Глаза у него покраснели, наполнились слезами, горло сдавили спазмы. Войнич отпил уже остывший чай, поправил очки.
— Полтора года меня продержали в одиночке, а потом Сибирь... село Тунка под Иркутском... Я не расставался с мыслью о побеге. После долгих настояний мне удалось получить разрешение на поездку в Иркутск — для лечения... Там и встретился с Пашетой. Она много рассказывала про вас, дала адрес... А когда нас перевозили в Балаганск, я бежал... Более трех месяцев пробирался к границе. Через Прибалтику попал в Германию, в Гамбург. Ни еды, ни денег... В Гамбурге едва удалось упросить капитана небольшого судна, которое отплывало в Англию... Продал все, что можно было продать, даже очки, чтобы уплатить ему... В Северном море нас настигла буря. Корабль мотало у берегов Скандинавии, несколько суток ждали погоды, и только сегодня... вот... — Войнич виноватым взглядом обвел присутствующих. — Прошу добрых господ извинить меня. Так долго пришлось искать ваш дом. Я пошел по Торговой, кому ни покажу бумажку с адресом, разводят руками. Некоторые прохожие шарахались от меня, — видимо, шокировала моя одежда... В конце концов какой-то студент — он понимал по-польски — проводил меня к вам. Простите, прошу вас...
Сергей Михайлович обхватил рукой плечи товарища.
XXV
Трансатлантическое судно «Сити оф Берлин» отходило в полдень. Провожали Степняков Волховский, Лилли и Войнич. Фанни Марковна давала Лилли последние наставления, у Сергея Михайловича не выходили из головы слова, сказанные накануне отъезда Энгельсом:
«Поезжайте, Сергей, поезжайте, завоевывайте Новый Свет. Дело стоящее того, чтобы о нем поговорить с американцами».

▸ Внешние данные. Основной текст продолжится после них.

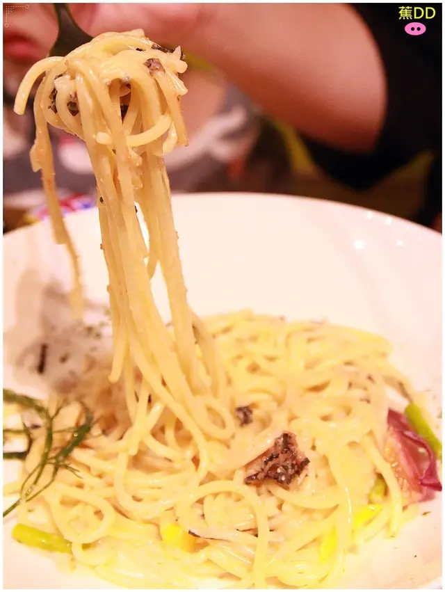 當服務員把噗媽點的義大利麵送來時,我們都以為餐點送錯了,可能是之前吃過的明太子義大利麵的明太子都多到讓麵條呈現橘紅色,而這次呈現的是一般的奶油色,且也看不到什麼明太子(原來是被海苔遮住了),但其實明太子的量真的不多,可能是吃過『阿喜』及『GOGO PASTA』所以胃口養壞了,這道明太子義大利麵不難吃,但跟心理預期有段差距。
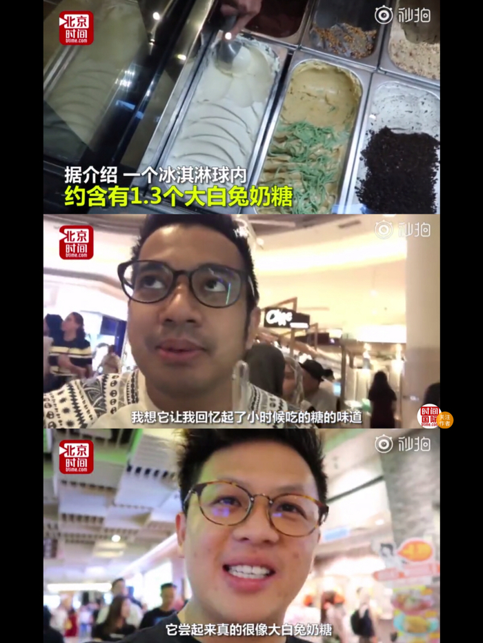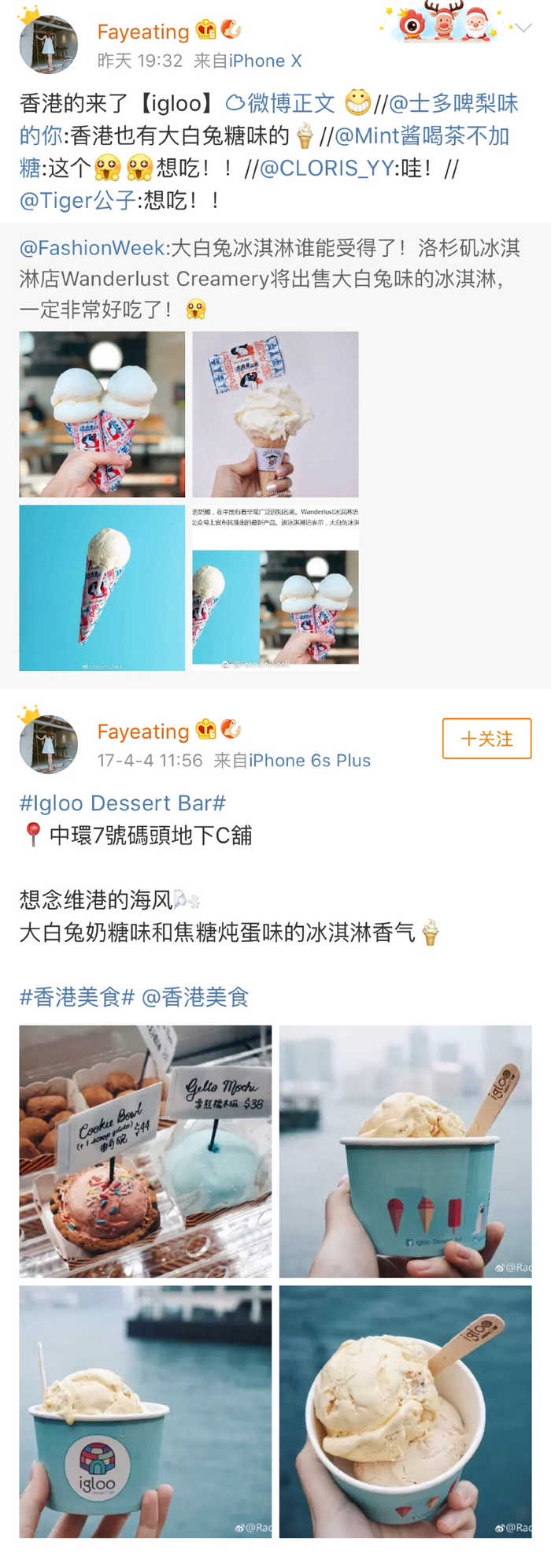 去美国太遥远,不少“大白兔”粉丝还扒出了位于香港的igloo雪糕店也有大白兔口味的冰淇淋,同样是将大白兔奶糖融合到冰淇淋中。

Дело... Газета, издание литературы, начатое в Лондоне, в конце концов, долги, неотступно идущие по его следам, требуют денег, капитала. А каким другим путем приобретешь их?.. Вот и приходится оставлять начатые писания, расходовать последние фунты — ехать, чтобы... Впрочем, Фанни права, можно и отойти от этих ежедневных забот, которые постоянно туманят голову. Хотя бы здесь, на этих раздольях, на этих студеных, влажных, освежающих ветрах.
Сергей Михайлович часто поднимался на палубу и, когда не штормило, подолгу стоял один, с наслаждением слушая грозный рокот стихии, всматривался в темное водяное безбрежье. Судно, казавшееся в порту гигантским, не подвластным никаким силам, трепетно вздрагивало, время от времени то взлетало щепкой на многометровый гребень волны, то вдруг падало, проваливалось, холодя сердце, в бездну, в самое преисподнюю. Где-то была земля, были люди, деревья — здесь же господствовало царство воды, ветра, пространства. Днем, когда светило солнце, глаза до боли, до рези в зрачках искали, за что бы зацепиться, и, не находя ничего, продолжали искать. В минуты затишья на палубу поднималась и Фанни Марковна, по-детски прижималась к его плечу.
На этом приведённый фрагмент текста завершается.